Let’s take a look at each of these.
1. When You Create a Custom Web, Mobile or Omnichannel Application
With custom application development, you need to make sure your design system is well-documented.
Each of these types of applications have complex interactions that require a design system. You should document each system in a way that keeps developers from guessing which components to use in which situation. For example:
- When to use specific layouts, specific table formatting, when to use call to action buttons.
- Like a scripted playbook, better consistency (look and interaction), brand adherence, when to use modals, when not to. Extend the brand beyond.
- Work more efficiently when working from the ground up.
2. When You Have Multiple Developers Responsible for Front-End Controls or Components
The key to building customer loyalty is consistency. A single, standout experience may grab attention, but it doesn’t always lead to increased loyalty. According to research from Forrester, 95 percent of customers use three or more channels to connect with a company in a single service interaction with 62 percent using more than one device. The critical part of this scenario is consistency.
It’s not uncommon for individual developer style preferences to creep into app development. A design system can eliminate a Frankenstein approach to building digital applications where apps look as though they’ve been pulled together through various unrelated parts. Not only does individual developer style result in inconsistency within or across applications, but it also results in CSS bloat.

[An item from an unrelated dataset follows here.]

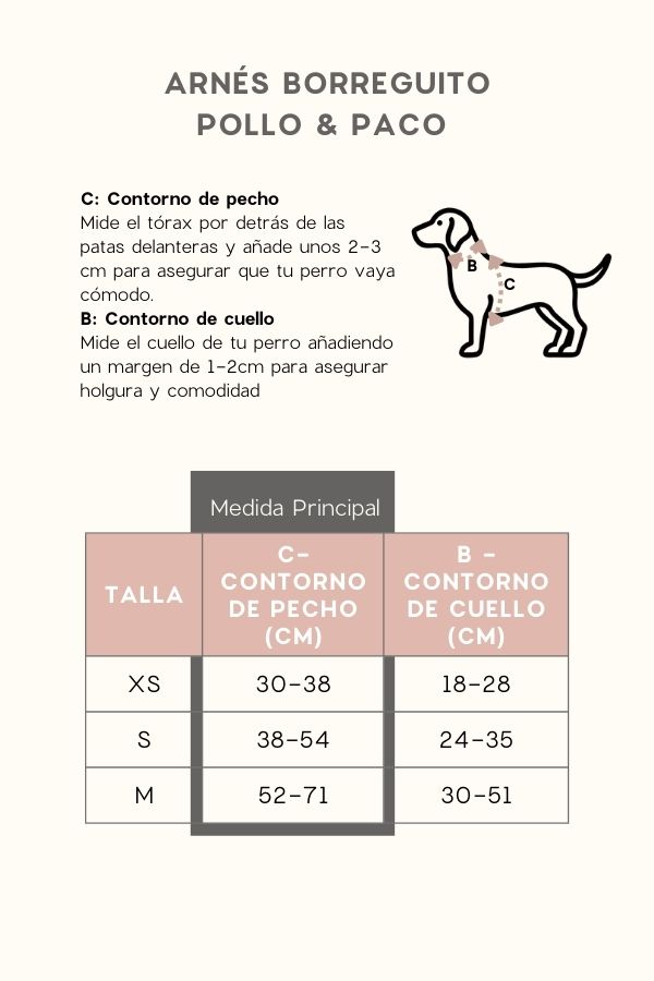Disponible en cuatro tamaños: XS, S y M. Consulta la GUÍA DE TALLAS específica de este arnés para más información sobre las medidas.

People invest too much time and energy defining styles when they don’t need to. A design system provides access to designs that already exist.
3. When You Separate Design Teams from UI Developers or Use Contractors
If the product owner isn’t the one who created the design vision, then the team handing off the project needs to make sure they effectively document the design, and developers aren’t the ones choosing how to implement it.
Think about building a house. A detailed blueprint gives precise guidance to the various contractors on the dimensions of the foundation, framing, electrical, plumbing, HVAC, and more. Leave it solely to previous examples, conversations or individual contractor preferences, and there is no telling what the house will look like nor how it will function when completed.
A design system creates design and development efficiency, especially for organizations that have or are planning to create multiple applications for its employees and customers.
Summary
Design systems are essential tools that help define brand interactions and promote consistent digital customer experiences. They are far more comprehensive than code comments or flat layout files.
As a prelude to a future blog, I’ll mention that Bootstrap, Foundation and Material are not design systems. They’re design frameworks. These systems still require someone to define common interactions, the brand voice and tone, and how the app should be architected from a design pattern standpoint.